После того как передовые подразделения 1-го батальона майора фон Вольфа вышли к северо-востоку от железнодорожной насыпи, а 1-й батальон 113-го стрелкового полка смог продвинуться дальше в северо-западную часть города, при поддержке огнемётных танков 101-го огнемётного танкового батальона, укомплектованные Flammpanzer II, началось наступление главных сил дивизии. 3 танка PzKpfw IV 4-й роты 1-го танкового полка вместе с полувзводом лейтенанта Ремлера действовали на участке стрелкового батальона на бронетранспортёрах доктора Экингера, с главными силами — полувзводом танков PzKpfw IV лейтенанта Коха и обер-фельдфебеля Фёльтера из 8-й роты 1-го танкового полка — на участке 1-го батальона, что сильно облегчило стрелкам, мотоциклистам и сапёрам ведение тяжёлого боя в городе. 1-я рота 1-го батальона под командованием обер-лейтенанта Беккера к 9.00 сломила чрезвычайно ожесточённое сопротивление советских войск[13].

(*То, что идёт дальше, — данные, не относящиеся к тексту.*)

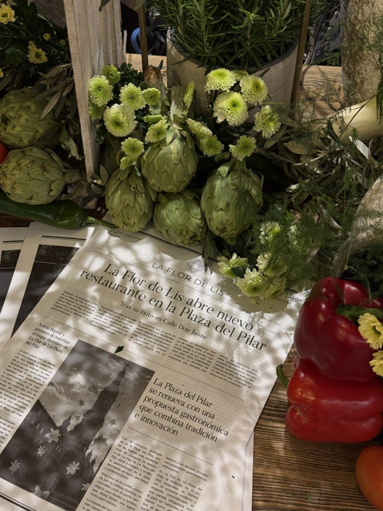 El producto local es el verdadero hilo conductor de la carta de La Flor de Lis. Ingredientes como la borraja o la alcachofa se trabajan desde una mirada actual, respetando su esencia pero llevándolos un paso más allá en cada elaboración. Platos como el ya famoso Tataki Baturro o las alcachofas fritas con crema de jamón de Teruel y corteza de cerdo reflejan una cocina que parte del territorio para construir una experiencia contemporánea, reconocible y llena de matices.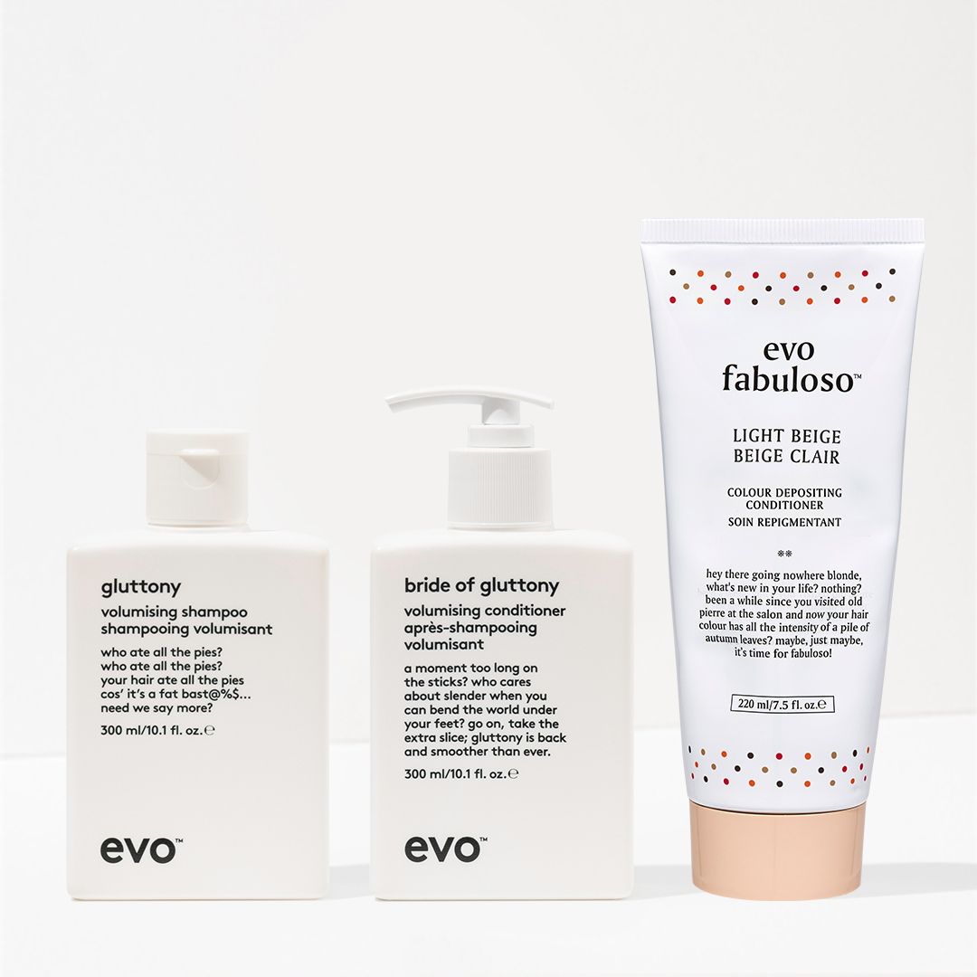 if you're ready to upgrade your color maintenance routine, grab this volumizing shampoo, conditioner and light beige color depositing conditioner trio to cleanse, build body and strengthen, while refreshing and reviving color-treated hair.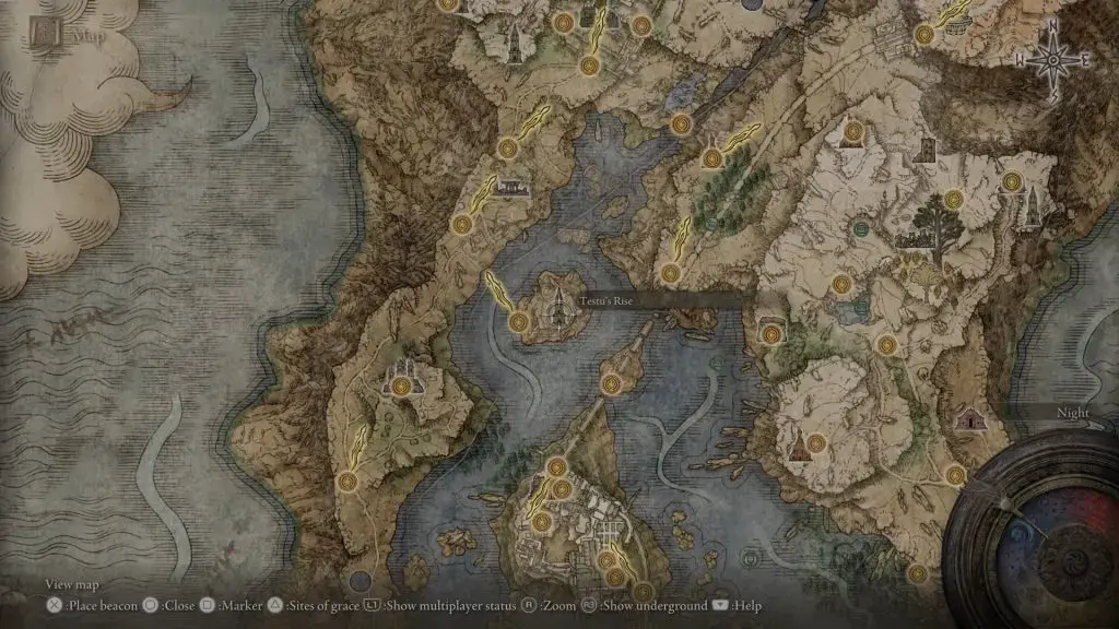 이 가이드는 엘든 링에 있는 테투의 상승탑에서 "세 마리의 현명한 야수 찾기" 퍼즐을 푸는 방법을 보여준다. 퍼즐을 풀고 나면 메모리 스톤을 얻을 수 있을 것이다. Testu's Rise는 아래 그림에 표시된 위치의 Luurnia의 북쪽에 있다. 그것은 "소서러 섬" 은총의 장소의 동쪽이다.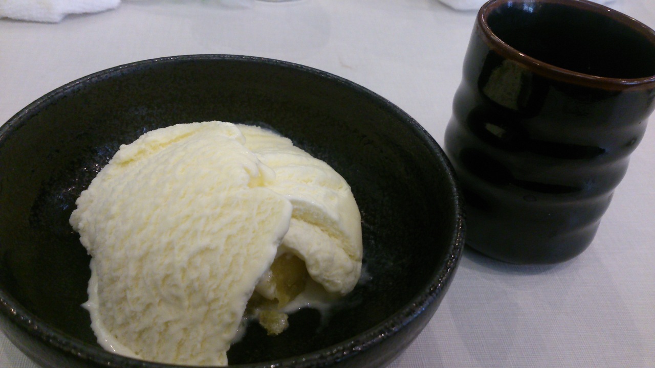 デザートは温かいさつまいもにバニラアイスがのってました。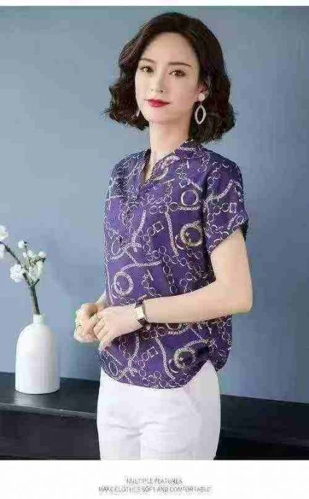 夏季新款时尚洋气中年妈妈气质印花雪纺衫,独立包装,...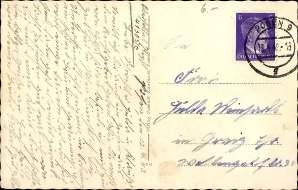 Zustand, siehe Scan, gelaufen, 1942 - ca 14 cm X 9 cm

«Начались тяжёлые уличные бои с храбро сражавшимися защитниками Калинина, которые прочно удерживали многочисленные узлы обороны в городе. Их удавалось заставлять отходить только после поджога их опорных пунктов огнеметными танками или из огнеметов, которые были в подразделениях 37-го саперного батальона. Это требовало много времени… В центре Калинина дрались остатки 113-го моторизованного батальона, 1-й батальон и 1-й танковый полк, усиленный огнеметными танками… Теперь мост (шоссейный мост через Волгу) словно магнит притягивал его атакующих стрелков. К ним присоединился огнеметный танк, который сопровождали два танка типа III. Они подавляли пулемётные точки… Наконец подвезённые миномёты открыли огонь дымовыми минами по позициям противника… Когда дым снова рассеялся, мы достигли уже дощатых стен стадиона».

Оборона советских войск

13 октября во второй половине дня 1-я танковая дивизия противника (12 тысяч человек, 150 танков и около 160 орудий боевой техники) атаковала батальон ополченцев и 142-й стрелковый полк 5-й дивизии в районе Рябеево - Мигалово. Советские войска отступили к западной окраине Калинина. В бой был введен находившийся в резерве 190-й стрелковый полк, что позволило остановить продвижение немцев.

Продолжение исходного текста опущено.